======== PROVIDED MATERIAL
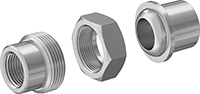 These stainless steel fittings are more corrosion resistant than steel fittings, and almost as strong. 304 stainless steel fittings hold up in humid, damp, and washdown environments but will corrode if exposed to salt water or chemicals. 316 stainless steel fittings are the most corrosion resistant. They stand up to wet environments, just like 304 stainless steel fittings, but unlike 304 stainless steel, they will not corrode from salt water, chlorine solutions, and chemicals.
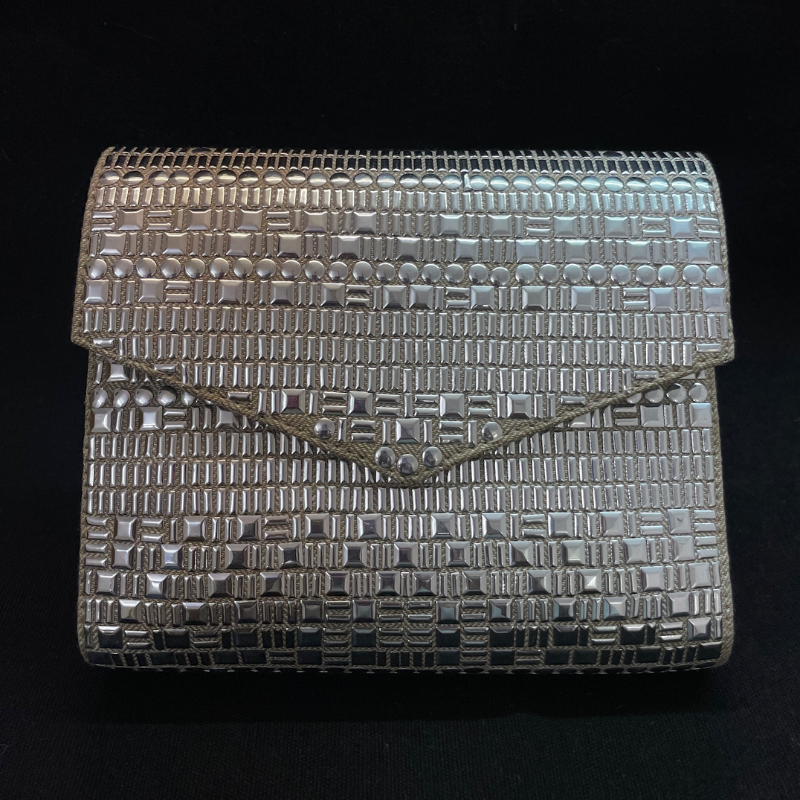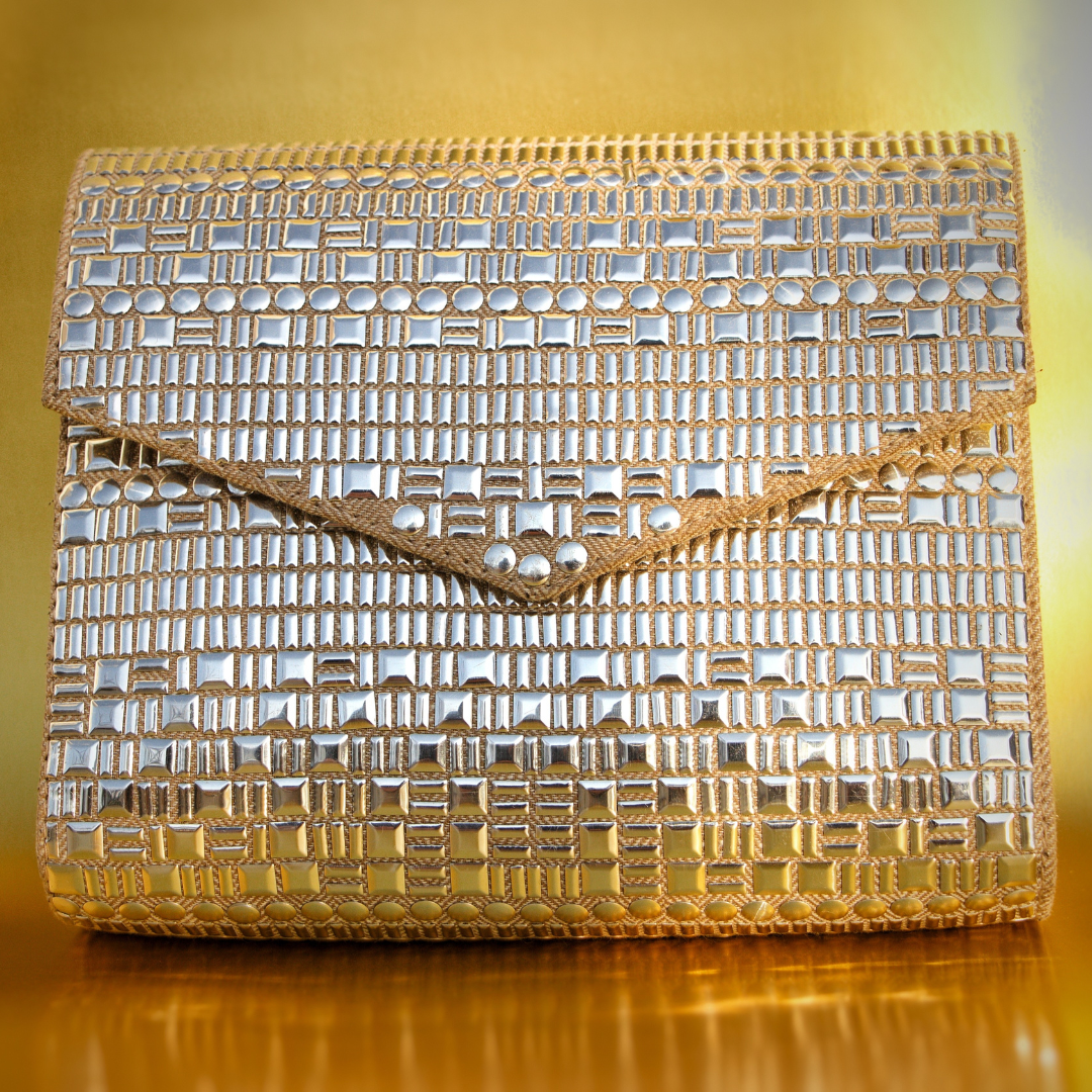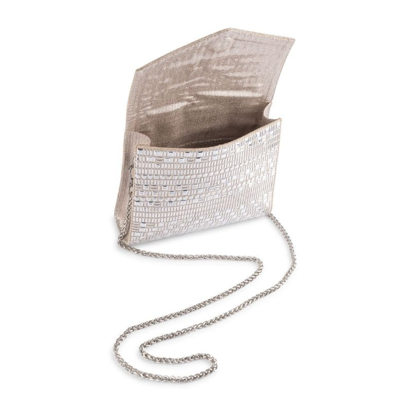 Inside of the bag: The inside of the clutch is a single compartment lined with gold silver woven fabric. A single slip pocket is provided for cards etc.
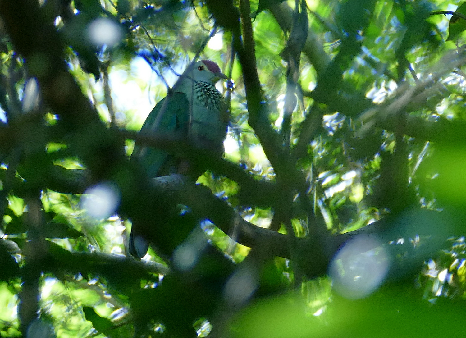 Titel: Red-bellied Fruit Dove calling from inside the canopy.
================
-- DESCRIPTION OF THE TASK --
Output the data above in full and exactly, with every image left out.

-- PROBLEM SOLUTION --
 These stainless steel fittings are more corrosion resistant than steel fittings, and almost as strong. 304 stainless steel fittings hold up in humid, damp, and washdown environments but will corrode if exposed to salt water or chemicals. 316 stainless steel fittings are the most corrosion resistant. They stand up to wet environments, just like 304 stainless steel fittings, but unlike 304 stainless steel, they will not corrode from salt water, chlorine solutions, and chemicals.
 Inside of the bag: The inside of the clutch is a single compartment lined with gold silver woven fabric. A single slip pocket is provided for cards etc.
 Titel: Red-bellied Fruit Dove calling from inside the canopy.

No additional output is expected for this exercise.